▶ **Required work**: Your answer should be an exact copy of all the entries, free of pictures.
───── Records provided
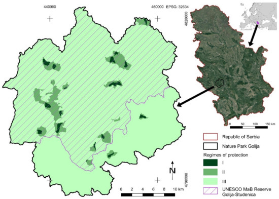 - Decree on the protection of the Nature Park Golija, Official Gazette of RS, No. 47/2009-3. (In Serbian). Available online: https://www.pravno-informacioni-sistem.rs/SlGlasnikPortal/eli/rep/sgrs/vlada/uredba/2009/47/2 (accessed on 15 April 2021).
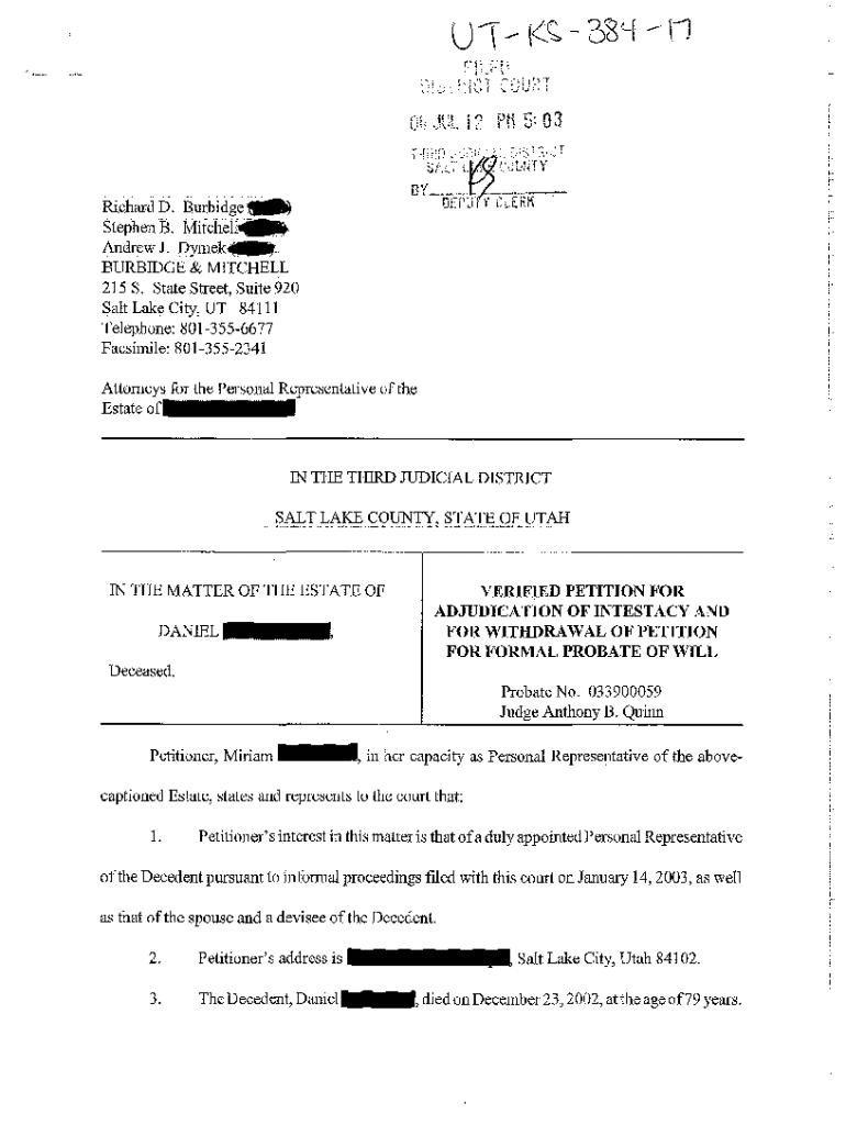 Get the free A17 Verified Petition for Adjudication of Intestacy and for Withdrawal of Petition f...
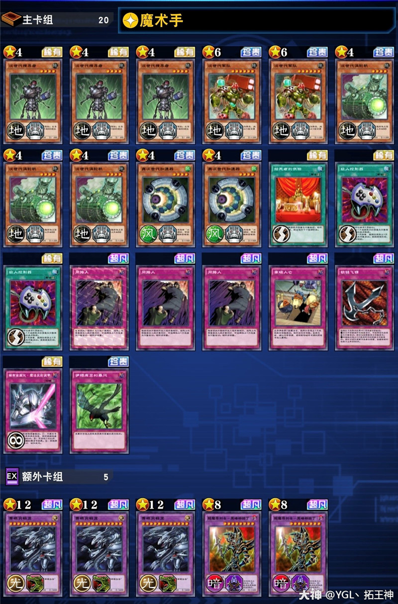 说明:【暗游戏】的【黑暗魔导师】体系不完整,部分核心卡好像在【怪物之门/排位兑换券获取】(删测本人没有核实,如有错误欢迎指出),本身【黑魔导士】卡组也未达到T0强度。
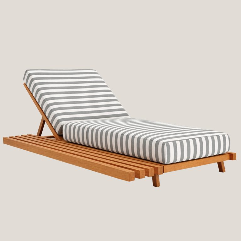 The Awan chaise lounge is a refined outdoor statement piece, crafted from premium teak wood with a warm, natural tone that highlights its clean architectural lines and precision joinery. The elongated slatted base creates a sense of lightness and rhythm, while the adjustable backrest introduces both functionality and a sculptural profile. Upholstered in high-quality outdoor fabric, the cushion features a soft striped pattern that adds visual depth and a relaxed coastal character, balancing structure with comfort. The overall aesthetic is calm and contemporary, defined by understated elegance, tactile materials, and a harmonious blend of geometry and softness—designed to elevate outdoor living with both visual clarity and lasting durability.
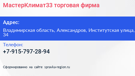 МастерКлимат33, торговая фирма по адресу Владимирская область, Александров, Институтская улица, 34 в дальнейшем Организация, размещена в следующих категориях:
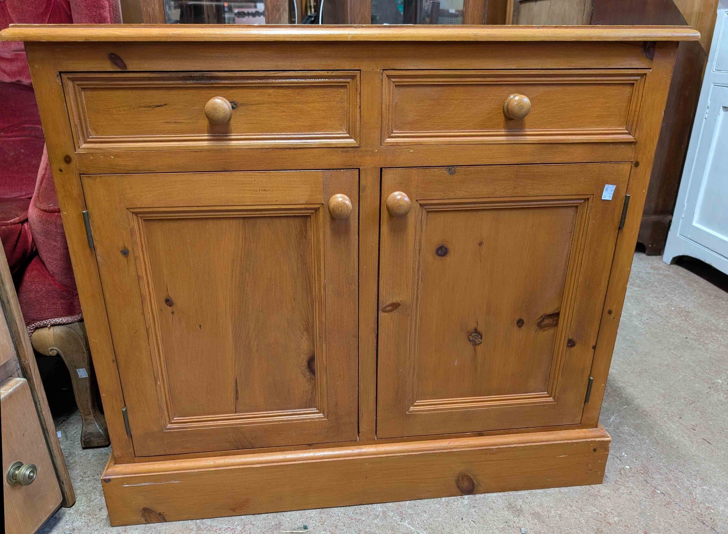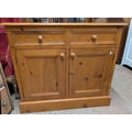 A 90cm modern pine cabinet with two frieze drawers and double cupboard under, set on plinth base
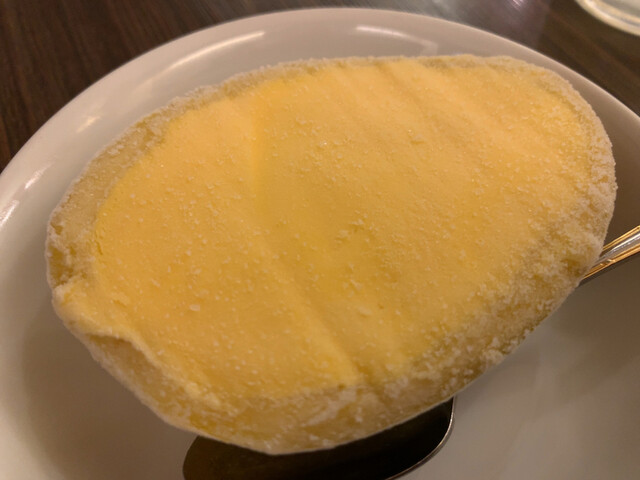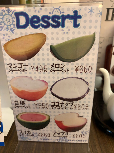テーブルに美味しそうなフルーツシャーベットの写真が置いてあったのですが、お店の作戦にまんまとハマって、マンゴーシャーベットを注文してしまいました。生のフルーツを半分に切ってくり抜いたものに、その果物のミルクシャーベットを入れてあるのですが、これが果汁感があって美味しかったです。
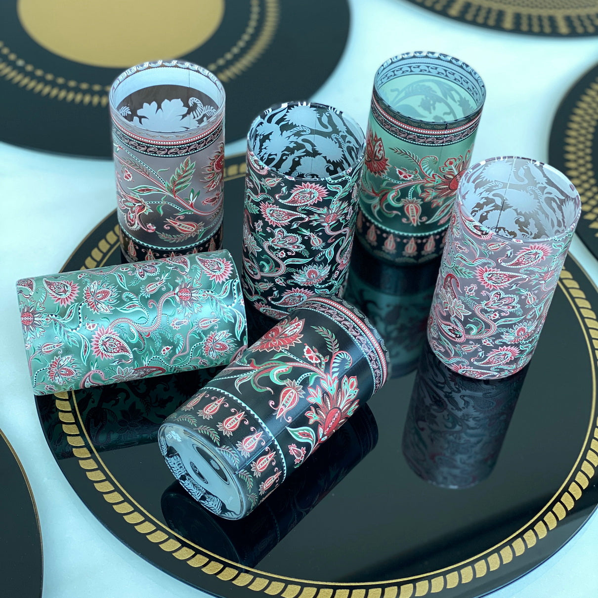Styled with grace, the Paisley Sheila glass set is adorned with ornate paisley flourishes that make each sip a delight. The Paisley Sheila is for the host who loves the details.
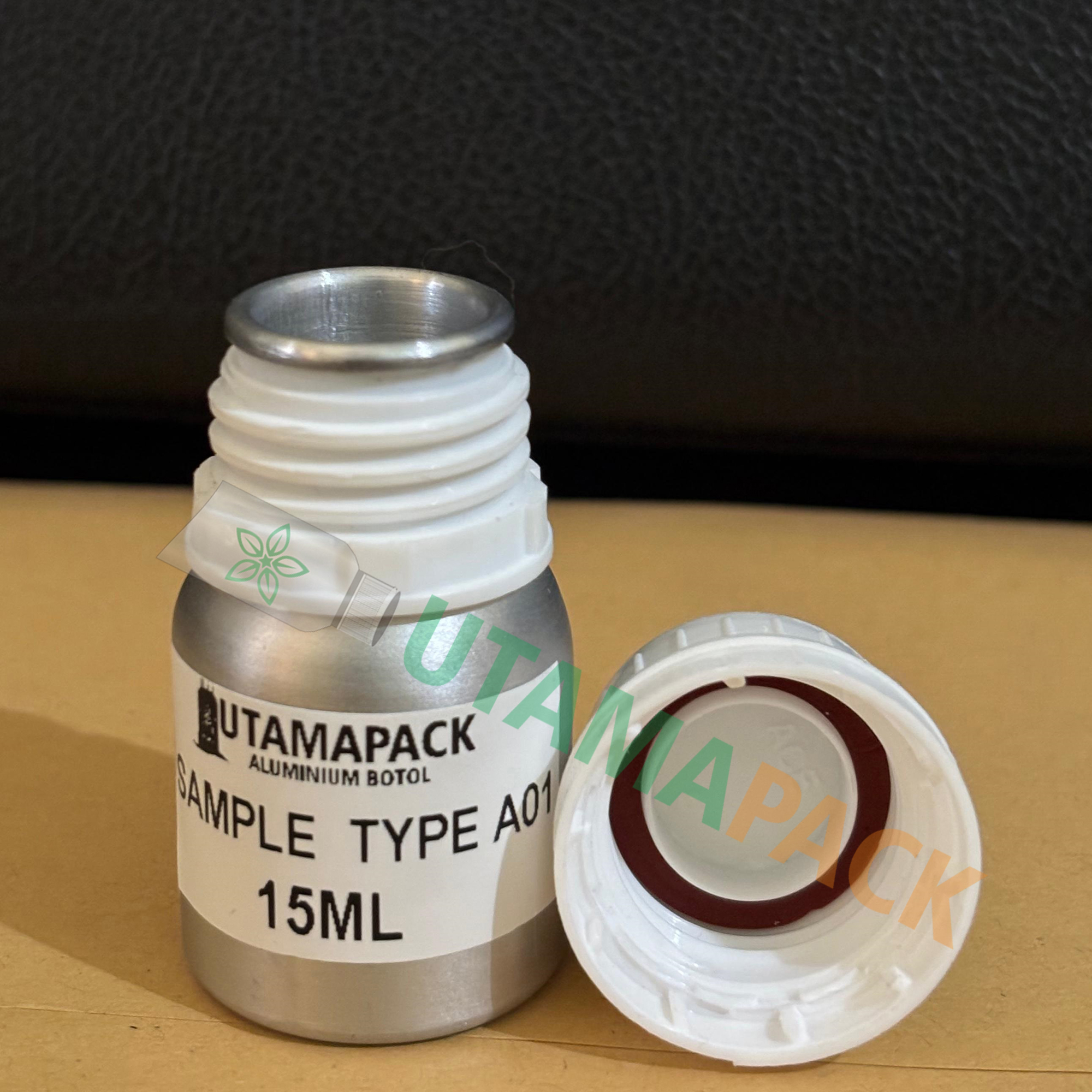BOTOL ALUMINIUM ukuran 15 ml type segel tutup Plastik
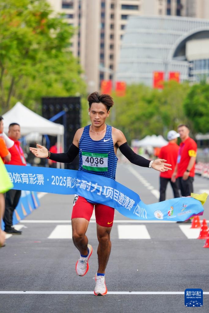 9月20日,参赛选手马子龙在男子U20组10公里耐力赛中冲过终点。
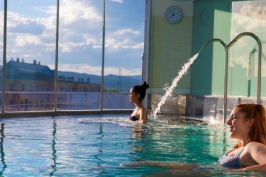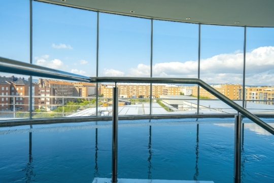 Los huéspedes pueden disfrutar de un pequeño, pero coqueto spa ubicado en la planta más alta del hotel con vistas a la ciudad. Dispone de piscina de hidromasaje, sauna seca, fuente de hielo para los contrastes y tumbona térmica. Además, cuenta con cafetería, restaurante con un amplio menú del días, así como garaje cubierto.
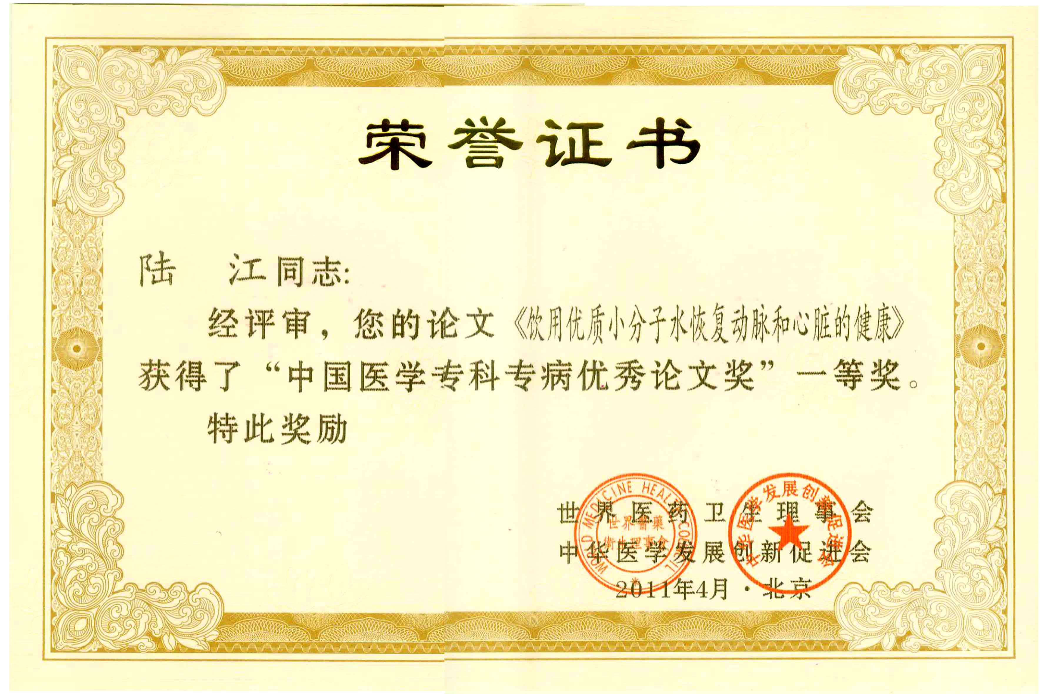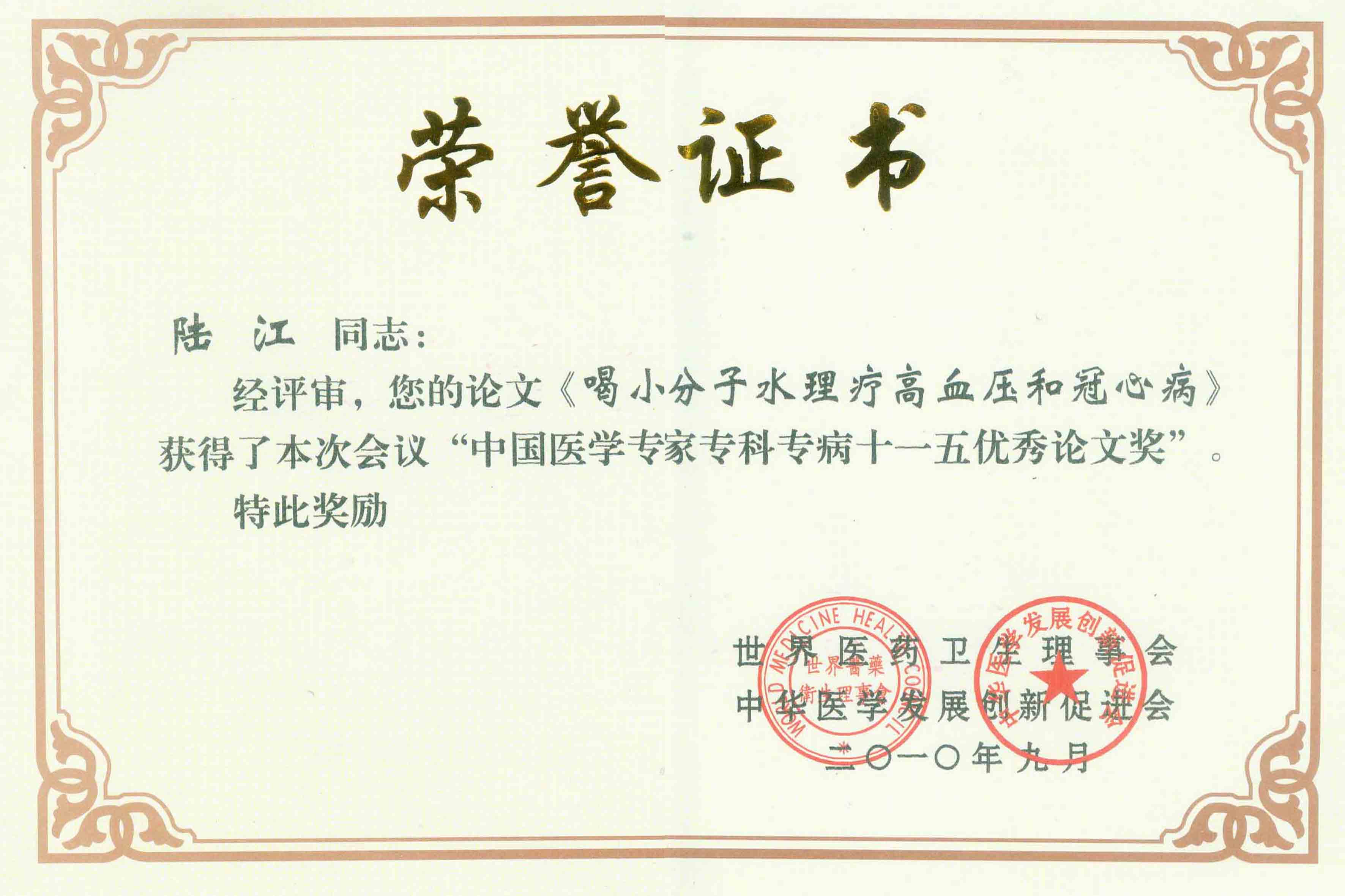 《飲用小分子水治療高血脂》獲優(yōu)秀論文獎(jiǎng)
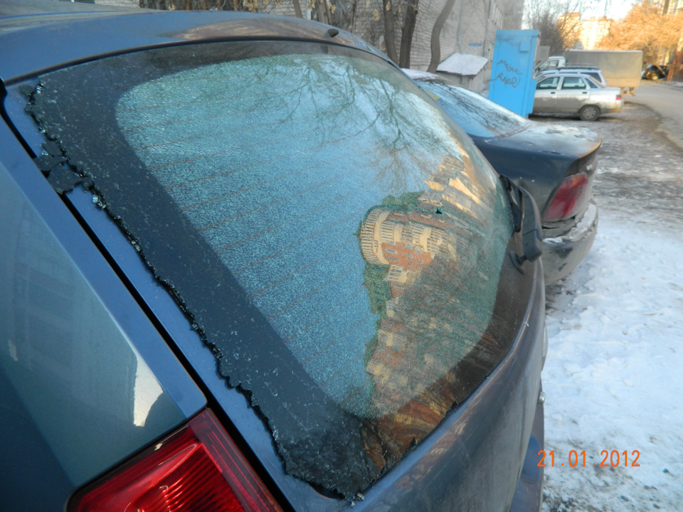 Кстати такие вопросы: стекло осыпалось когда хлопнул дверью багажника или другой дверью? В салоне при этом тепло было илм холодно?
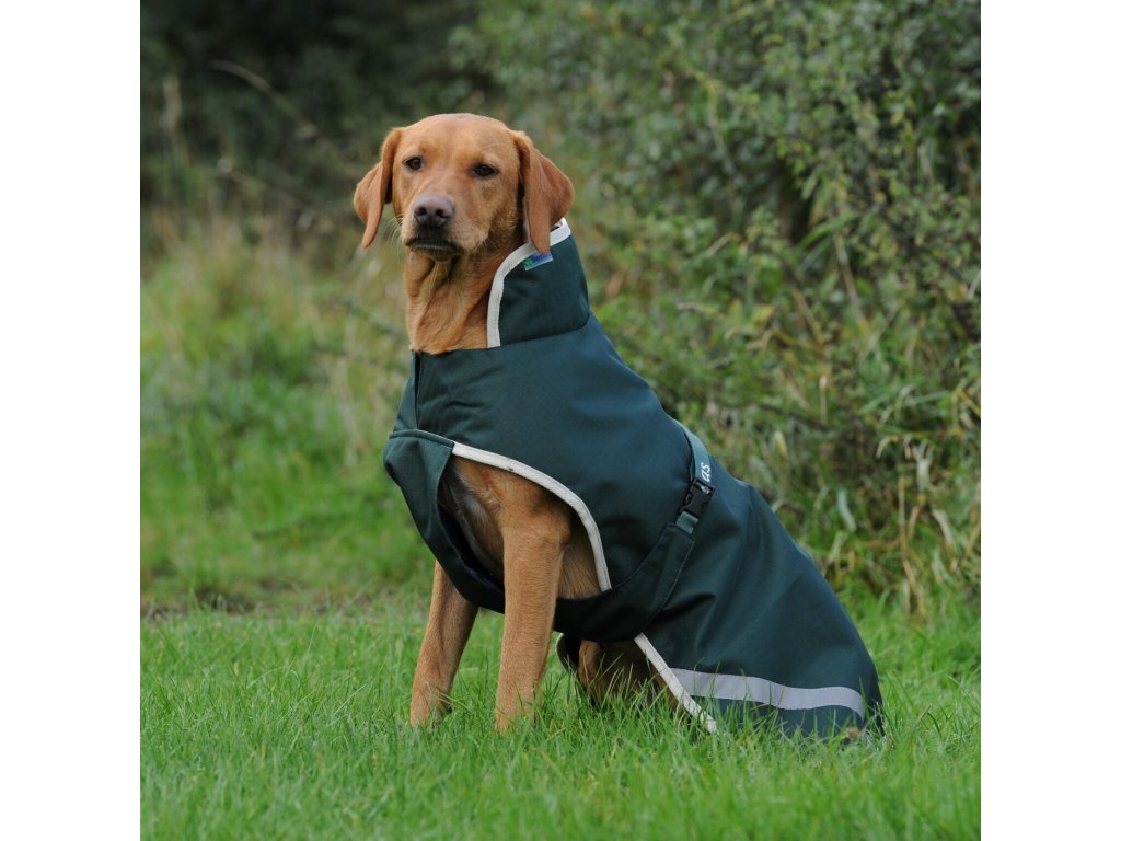 Derka dla psa Greenline Turnout zapewnia doskonały komfort termiczny Twojemu psu dzięki ociepleniu 50 g. To jest niesamowita derka Greenline Turnout, która jest przyjazna dla środowiska. Firma Bucas opracowała nową gamę ekologicznych derek, które łączą doskonałą jakość i design marki Bucas z wykorzystaniem materiałów pochodzących z recyklingu. Derki Greenline Turnout oferują wszystkie wspaniałe funkcje, których oczekujesz od firmy Bucas, dając jednocześnie pewność, że derka została wyprodukowana w sposób przyjazny dla środowiska i zrównoważony. Materiał zewnętrzny derki jest wykonany z bardzo trwałego, wodoodpornego i oddychającego materiału Rip-Stop (wytrzymałość 600D), który został pozyskany z przetworzonych plastikowych butelek. Derka oferuje szerszy krój w okolicy szyi, co jest wygodne dla różnych ras psów lub różnych rodzajów obroży. W tym obszarze znajduje się również otwór, przez który można przełożyć smycz. Wyposażona w szerokie, regulowane zapięcie pod brzuchem, elastyczne paski na nogi i elementy odblaskowe dla zwiększenia bezpieczeństwa.
──────────
▶ **Solution for this task**:
 - Decree on the protection of the Nature Park Golija, Official Gazette of RS, No. 47/2009-3. (In Serbian). Available online: https://www.pravno-informacioni-sistem.rs/SlGlasnikPortal/eli/rep/sgrs/vlada/uredba/2009/47/2 (accessed on 15 April 2021).
 Get the free A17 Verified Petition for Adjudication of Intestacy and for Withdrawal of Petition f...
 说明:【暗游戏】的【黑暗魔导师】体系不完整,部分核心卡好像在【怪物之门/排位兑换券获取】(删测本人没有核实,如有错误欢迎指出),本身【黑魔导士】卡组也未达到T0强度。
 The Awan chaise lounge is a refined outdoor statement piece, crafted from premium teak wood with a warm, natural tone that highlights its clean architectural lines and precision joinery. The elongated slatted base creates a sense of lightness and rhythm, while the adjustable backrest introduces both functionality and a sculptural profile. Upholstered in high-quality outdoor fabric, the cushion features a soft striped pattern that adds visual depth and a relaxed coastal character, balancing structure with comfort. The overall aesthetic is calm and contemporary, defined by understated elegance, tactile materials, and a harmonious blend of geometry and softness—designed to elevate outdoor living with both visual clarity and lasting durability.
 МастерКлимат33, торговая фирма по адресу Владимирская область, Александров, Институтская улица, 34 в дальнейшем Организация, размещена в следующих категориях:
 A 90cm modern pine cabinet with two frieze drawers and double cupboard under, set on plinth base
テーブルに美味しそうなフルーツシャーベットの写真が置いてあったのですが、お店の作戦にまんまとハマって、マンゴーシャーベットを注文してしまいました。生のフルーツを半分に切ってくり抜いたものに、その果物のミルクシャーベットを入れてあるのですが、これが果汁感があって美味しかったです。
Styled with grace, the Paisley Sheila glass set is adorned with ornate paisley flourishes that make each sip a delight. The Paisley Sheila is for the host who loves the details.
BOTOL ALUMINIUM ukuran 15 ml type segel tutup Plastik
 9月20日,参赛选手马子龙在男子U20组10公里耐力赛中冲过终点。
 Los huéspedes pueden disfrutar de un pequeño, pero coqueto spa ubicado en la planta más alta del hotel con vistas a la ciudad. Dispone de piscina de hidromasaje, sauna seca, fuente de hielo para los contrastes y tumbona térmica. Además, cuenta con cafetería, restaurante con un amplio menú del días, así como garaje cubierto.
 《飲用小分子水治療高血脂》獲優(yōu)秀論文獎(jiǎng)
 Кстати такие вопросы: стекло осыпалось когда хлопнул дверью багажника или другой дверью? В салоне при этом тепло было илм холодно?
 Derka dla psa Greenline Turnout zapewnia doskonały komfort termiczny Twojemu psu dzięki ociepleniu 50 g. To jest niesamowita derka Greenline Turnout, która jest przyjazna dla środowiska. Firma Bucas opracowała nową gamę ekologicznych derek, które łączą doskonałą jakość i design marki Bucas z wykorzystaniem materiałów pochodzących z recyklingu. Derki Greenline Turnout oferują wszystkie wspaniałe funkcje, których oczekujesz od firmy Bucas, dając jednocześnie pewność, że derka została wyprodukowana w sposób przyjazny dla środowiska i zrównoważony. Materiał zewnętrzny derki jest wykonany z bardzo trwałego, wodoodpornego i oddychającego materiału Rip-Stop (wytrzymałość 600D), który został pozyskany z przetworzonych plastikowych butelek. Derka oferuje szerszy krój w okolicy szyi, co jest wygodne dla różnych ras psów lub różnych rodzajów obroży. W tym obszarze znajduje się również otwór, przez który można przełożyć smycz. Wyposażona w szerokie, regulowane zapięcie pod brzuchem, elastyczne paski na nogi i elementy odblaskowe dla zwiększenia bezpieczeństwa.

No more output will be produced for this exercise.